Outside, the salty, frigid February wind struck at him, carrying small shards of ice crystals to remind him that there were two questions to be solved: first, who was threatening the town by poaching the lobster at an alarming rate, and second, was he ready to let go of the past in order to embrace the future? He didn’t yet know the answer to either, but he was determined to find out.

CHAPTER7

ABBY

Abby stepped over the threshold into the hushed, book-lined sanctuary of the library in Badger’s Drift. The fragrance of musty books permeated the air, an olfactory echo of the countless fingers that had turned their pages and brought back the memory of innumerable hours spent in similar sacred places. It was a symphony for her senses: the faint creaks of aged wood underfoot, the soft rustling of paper, the sight of leather-bound spines standing sentinel on shelves and the touch of embossed titles beneath her fingertips.

She resembled an elegant wraith amongst the stacks, her tall, curvy frame cloaked in worn, comfortable jeans and a loose-knit, olive-colored sweater over a black lace camisole—the muted colors a soft backdrop against the endless texts.

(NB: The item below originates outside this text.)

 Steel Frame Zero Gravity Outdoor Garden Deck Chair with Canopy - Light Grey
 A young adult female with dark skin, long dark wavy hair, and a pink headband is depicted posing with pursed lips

The jeans hugged her hips, soft from many days spent in contemplation before her typewriter and numerous washings. Her tawny hair cascaded in gentle waves past her shoulders, held back with a tortoise shell headband.

Wandering through the aisles, Abby let her fingertips graze the book bindings, feeling the pulse of stories long told by other writers in days gone by. Each title whispered promises of secrets nestled within their pages, and she absorbed the silent allure, a dialogue of souls between reader and writer. She loved old libraries with their wooden shelves and dim lighting. There was nothing wrong with modern libraries of steel, glass, and light, but they didn’t call to her the way the libraries of another age did. It was here she felt at home—here that she had spent so much of her childhood.

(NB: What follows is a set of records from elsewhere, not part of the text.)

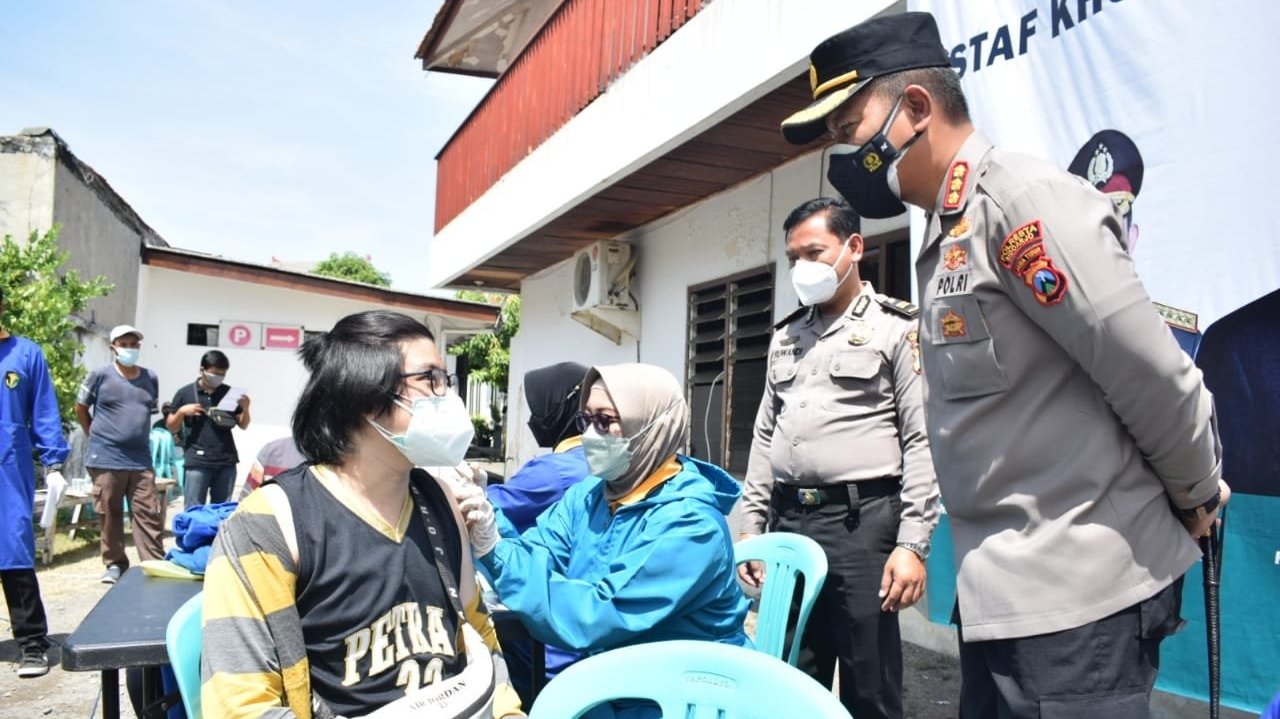 Kapolresta Sidoarjo Kombes Pol. Kusumo Wahyu Bintoro turun langsung memantau jalannya vaksinasi Covid-19 bagi pengurus, jemaat dan warga sekitar GKJW Sidoarjo.
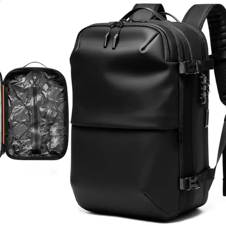 15-pocket design with hidden side passport pocket.
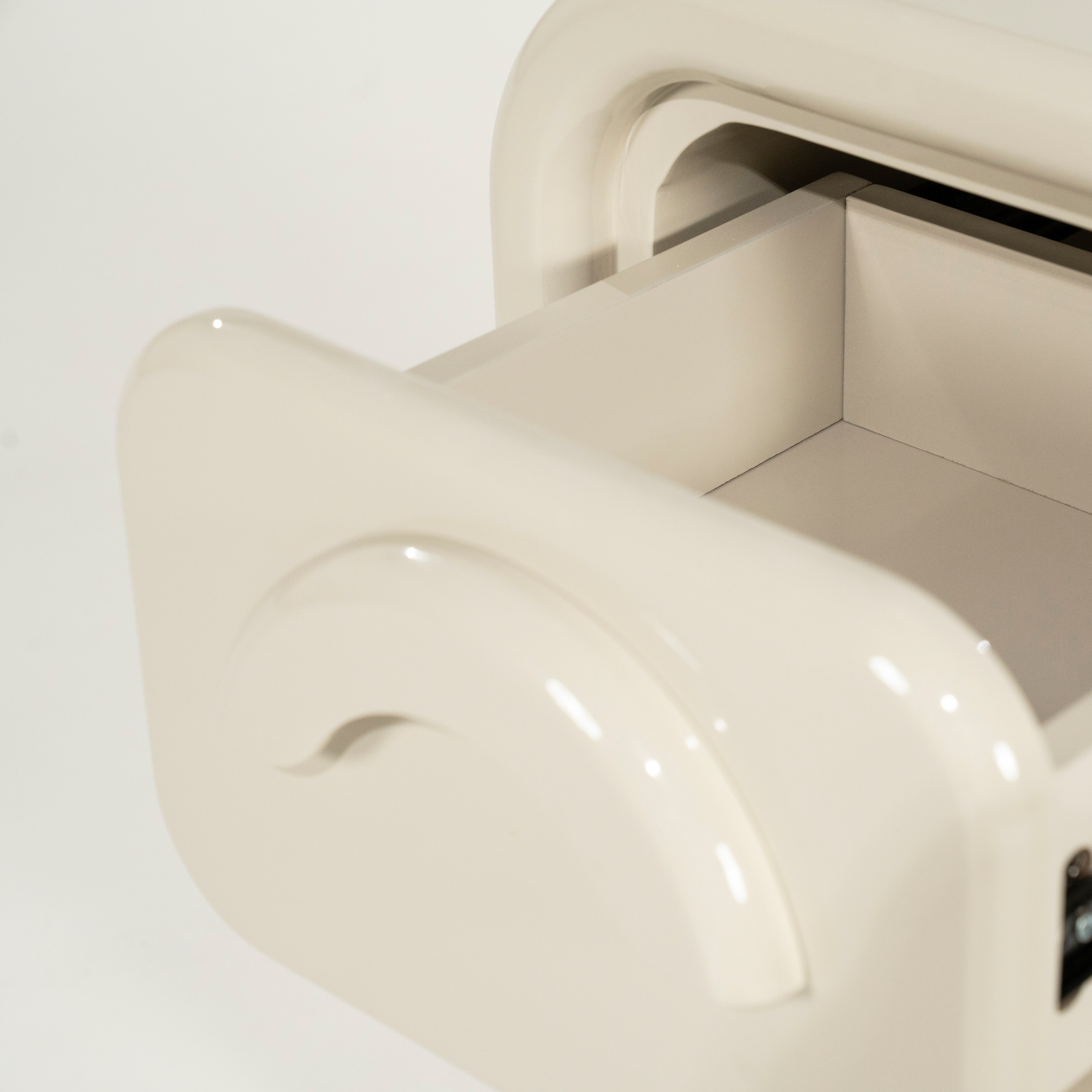 Komoda Gubby to wyjątkowy mebel o nowoczesnym, a zarazem retro charakterze, który zachwyca zaokrąglonymi liniami i eleganckim wykończeniem w wysokim połysku. Dzięki subtelnym, zintegrowanym uchwytom i gładkiej formie prezentuje się niezwykle stylowo, wprowadzając do wnętrza harmonię i lekkość. To idealny wybór dla miłośników designu, którzy cenią prostotę połączoną z funkcjonalnością.
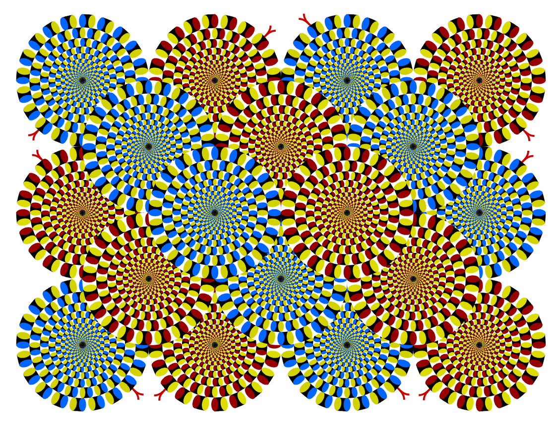 Няма да повярвате, но тези картинки са статични изображения, а не анимация. Автор на тези своеобразни илюзии е японецът Акиоши Китаока. Той е професор във факултета по психология в Ritsumeikan University, Киото, Япония, спeциализирал се по въпрoсите, свързани със зрителните възприятия на човек.
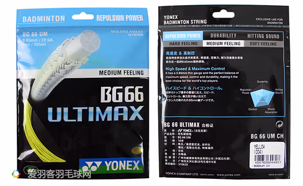 BG66UM的线径是0.65mm,以前曾是尤尼克斯最细的拍线,林丹、李宗伟、陶菲克、桃田贤斗等都曾钟爱这款。其弹性在众多球线当中也是属于领先的,而特有的ultimax涂层更是让球线的击球音变得更为尖锐,杀球时能够更为振奋人心,手感也是绝佳,而与这样的享受成正比的,是BG66UM极低的耐用度,对于击球点不准或者是力量较大的球友,这款球线常常是秒断,即便是正常磨损,球线寿命也短得可怜,土豪的话可随意使用。
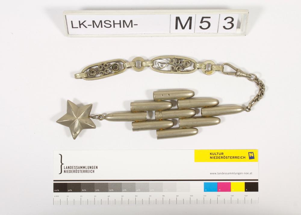 Arbeit eines italienischen Kriegsgefangenen im Ersten Weltkrieg. Teilweise aus Projektilen.
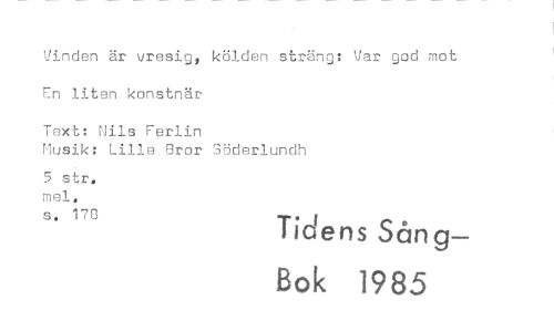 //// Vinden är vresig, kölden sträng: Var god mot //// r!n liten konstnär //// Text: Nils Ferlin //// Musik: Lille Bror Söderlundh //// 5 str. mel. //// s. 173
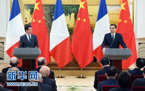 ????1月29日,中國國務(wù)院總理李克強在北京人民大會堂與法國總理瓦爾斯舉行會談后共同會見記者。 新華社記者 姚大偉 攝
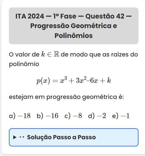 Continue lendoITA 2024 — 1ª Fase — Questão 42 ITA 2024 — 1ª Fase — Questão 42 — Progressão Geométrica e

“Can I help you find something?” the librarian asked, her spectacles reflecting the soft glow of the reading lamp.

Abby paused, looking up as she withdrew her hand from the memoirs of an adventurous sea captain. “I’m just browsing, thank you,” she replied, the corners of her mouth turning upward in a quiet smile.

The librarian nodded, her own hands caressing the returns that awaited re-shelving.

The deeper recesses of the library beckoned, and it was there, nestled in a forgotten corner, that Abby discovered an alcove that housed an antique maritime book and a collection of vintage nautical things. The pages of the book were yellowed with age, but the tales they held of briny deeps and tempestuous love were timeless. She sank onto a cushioned chair, the book cradled in her lap, absorbing the essence of each word.

As she read, a storm of recognition surged within her. These stories, with their raw depictions of passion and peril, mirrored the complexities of her own heart—its shipwrecks and its sanctuaries. These were the very elements she yearned to infuse into her novels, reminders of why she had left academia and chosen to make a living weaving romance from the threads of human experience.

Her thoughts drifted to Kit, to last night when they’d made passionate love. His touch had been electric, the sex alternating from dominant and feral to gentle and caring—all of it mind blowing. She remembered the intensity in his blue eyes, mirroring the untamed ocean he so cherished.